Insurance's only purpose is to jack up costs in a manner that requires having insurance to pay.
In a non-distorted system, what you pay in health insurance per month would more than cover your health costs. Especially as averaged over a period of years. The added benefit is that there is no cost if not sick.
The insurance industry has people bent over a rail, and they know it. Everyone pays in one way or another, which creates immense pools of money that medical providers exploit by charging immense sums for medical services. Which, in turn, eventually again pushes health insurance costs higher.
This feedback cycle of rising costs, as largely detached from real market forces, leads to ever wildly more distorted medical costs.
The medical insurance system defines racketeering.
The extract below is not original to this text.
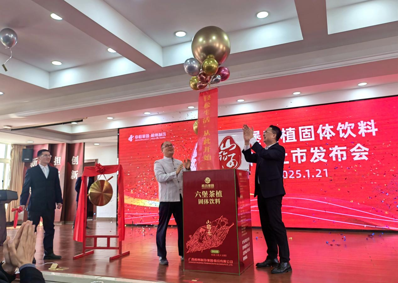 鑼聲嘹亮、氣球繽紛、掌聲熱烈。中恒集團(tuán)副總經(jīng)理肖淋、中恒集團(tuán)總經(jīng)理助理黃宇聲以及梧州制藥副董事長、總經(jīng)理劉洋共同啟動六堡茶植固體飲料新品上市發(fā)布儀式。
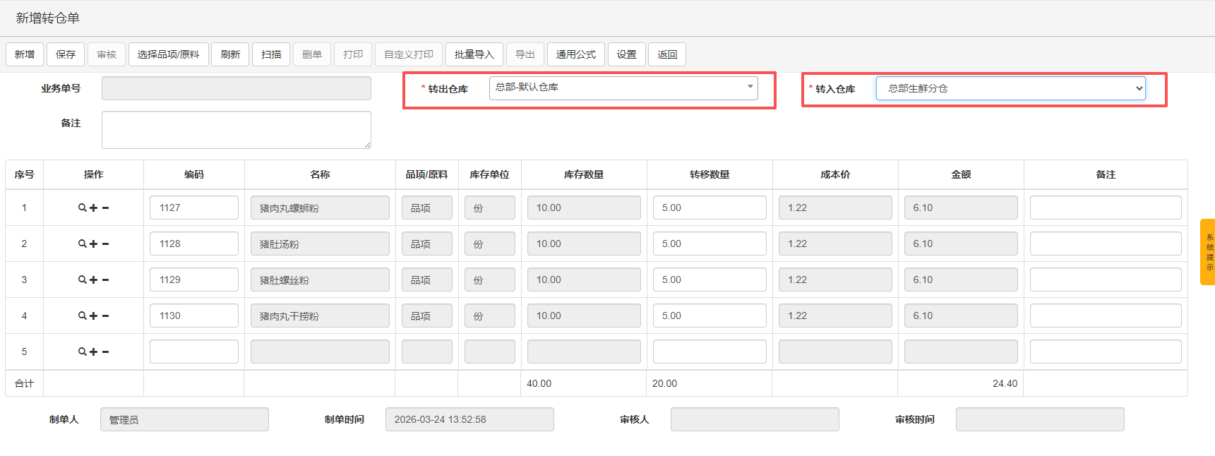 (2)转仓单单据单价默认取商品成本价,不影响商品成本。

It should be dismantled.
I believe there should be a meeting of medical professionals (private practice doctors, hospital administrators, pharmacist, etc), medical suppliers, and medical insurance to try to come up with a better plan. Politicians should be the last step in the planning of healthcare reform. The healthcare industry is extremely complicated and the more politicians are involved the more complicate the system becomes. Medical staff are doing more paperwork, real and virtual, because of these complications. A family physician private practice should be focused on caring for patients, not hours of paperwork. ACA mandates required people purchase expensive insurance they didn’t need. A lady past menopause should not be required to purchase insurance to have a baby. Why do hospital run so many scans and test? Part of the reason is lawsuits. Fort reform would help alleviate some of these things. It would also help to lower their malpractice insurance coverage which would also lower the cost they pass onto patients. There are many more things that we don’t know about. Let those who know the day to day operations of private practice and hospitals work towards a plan, not politicians.
Imagine if you "listened to the scientists" aka the doctors.
I happen to be a big believer that we over-test as a defensive mechanism.